The opinion of the court was delivered by: BYERS

This cause is most recently reported in United States v. Brooklyn Union Gas Co., 2 Cir., 168 F.2d 391, and is now before the Court pursuant to reversal and remand for further proceedings consistent with the opinion of the Court of Appeals.

The factual situation has been sufficiently recited to forbid repetition, and attention will be confined to the erroneous elements of the decision of this Court as pointed out in review, and the extent to which deficiencies of prior proof may be deemed to have been overcome in the record as now constituted.
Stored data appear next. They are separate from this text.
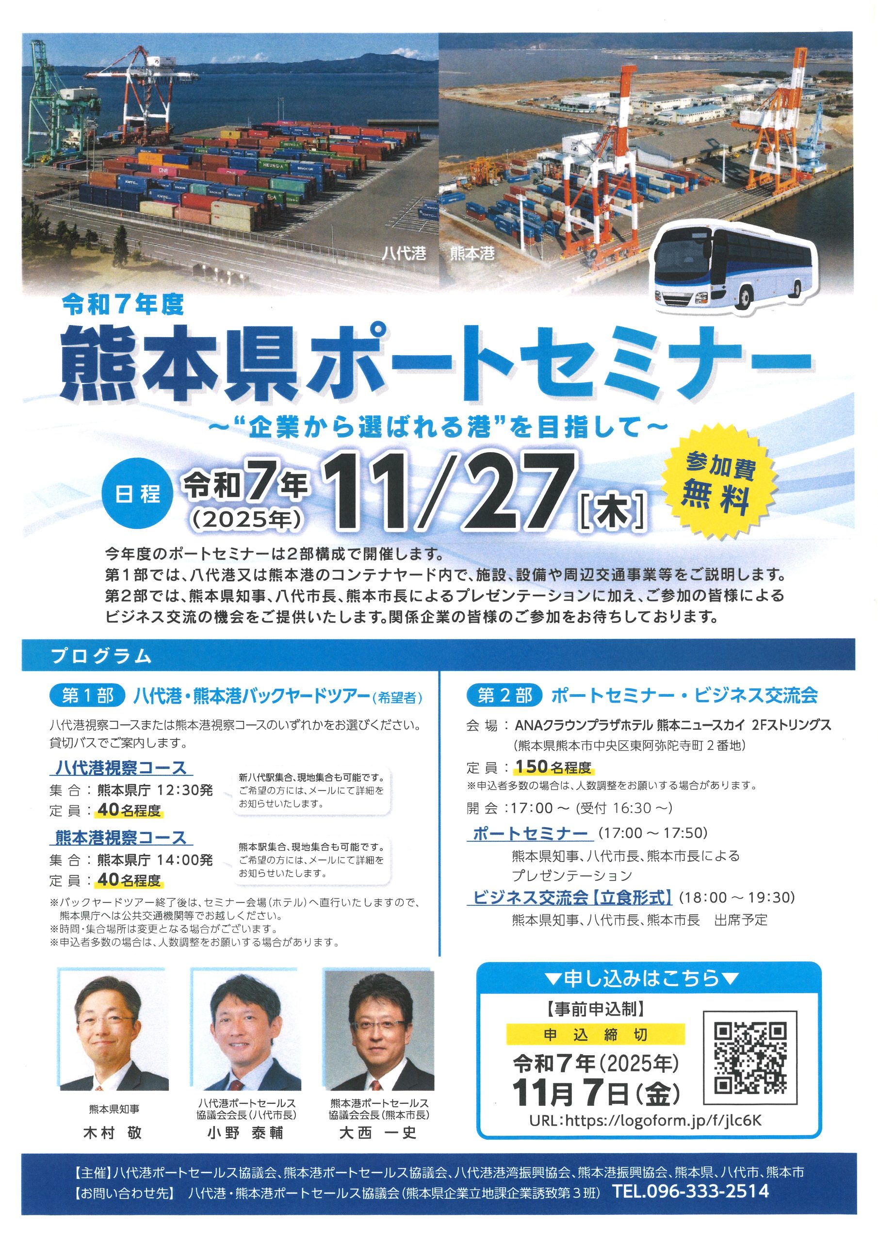 2025.10.29 2025年11月27日 「熊本県ポートセミナー」の開催について(ご案内) お知らせ 熊本県の熊本港と八代港は、近年、輸出入の利用が堅調に推移し、その重要さが増してきています。そこで、「選ばれる熊本を目指し 続きを読む »
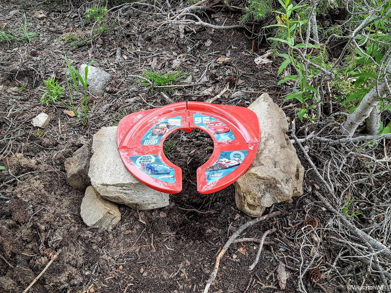 Some may wonder how the bathroom thing works with all the young kids. Well, here's one of our secrets. We have a lightweight foldable potty seat that can easily be set over a hole dug out between 2 to 3 rocks. It makes a convenient little latrine.
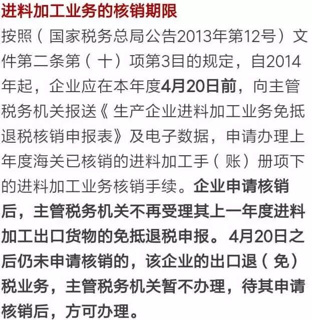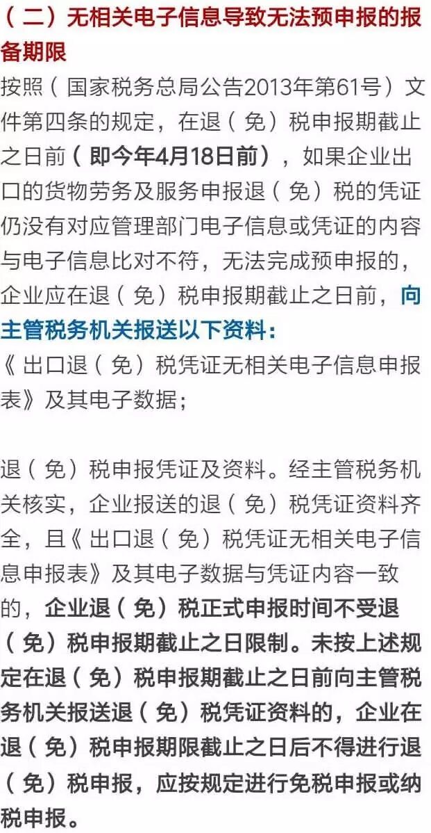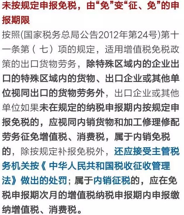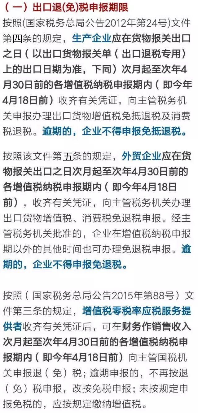 2017年4月18日前 2017年4月20日前 2017年5月15日前 (一)未按期申报退(免)税,由“退”变“免”申报期限 按照(国家税务总局公告2012年第24号)第九条第(二)项的规定,出口企业和其他单位未在规定期限内申报出口退(免)税或申报开具《代理出口货物证明》,以及已申报增值税退(免)税,却未在规定期限内向税务机关补齐增值税退(免)税凭证的,如果在申报退(免)税截止期限前已确定要实行增值税免税政策的,出口企业和其他单位可在确定免税的次月的增值税纳税申报期,按前款规定的手续向主管税务机关申报免税。 (二)来料加工出口货物免税核销期限 按照(国家税务总局公告2015年第29号)文件第五条的规定,出口企业从事来料加工委托加工业务的,应当在海关办结核销手续的次年5月15日前,办理来料加工出口货物免税核销手续。未按规定办理来料加工出口货物免税核销手续或者不符合办理免税核销规定的,委托方应按规定补缴增值税、消费税。 2017年6月15日前

 The errors are referred to in the said opinion as follows:

 168 F.2d on page 395, as 'the fallacy * * * permeating the decision rendered, of identifying their (the claimants') loss with the curtailment of their physical facilities'.

 Again, 168 F.2d at page 396: ' * * * the district court * * * got itself into the position of assuming a loss before one was proven and of measuring it by the extent of curtailment of the facilities.' (This passage occurs in a comment upon the Scharff expert opinion which was said to have been accompanied by an accumulation of 'imprecise theory'.)

 Finally, 168 F.2d on page 397, it is said that this court erred in declining to consider, as indicative of the value of the claimants' properties on the days of taking (April 1, 1941, and September 19, 1941), the subsequent consumption of gas and electric current within the area condemned, through the Government's own facilities, which were therein installed after the Navy Yard had been enlarged by the land so acquired. Thus: 'We think the evidence admissible not as a standard of value in itself, but for its bearing upon the prospective values at the time of taking.'

 This seems to import into the value at the critical dates an element of futurity which perhaps is always present in such questions in the sense that all enduring values embrace a factor of potentiality. This court is admonished not to reach a conclusion mechanically, 168 F.2d page 398, which probably implies that formulae should not be ingeniously adopted; the same warning is perhaps appropriate also in the semantic sense.

 The present problem is thought to resolve itself into an attempt to fairly decide whether the taking by the Government of these claimants' sub-surface structures, as clothed with the franchise to operate them for profit, visited a loss upon the claimants for which compensation is required to be made, under the Fifth Amendment to the Constitution.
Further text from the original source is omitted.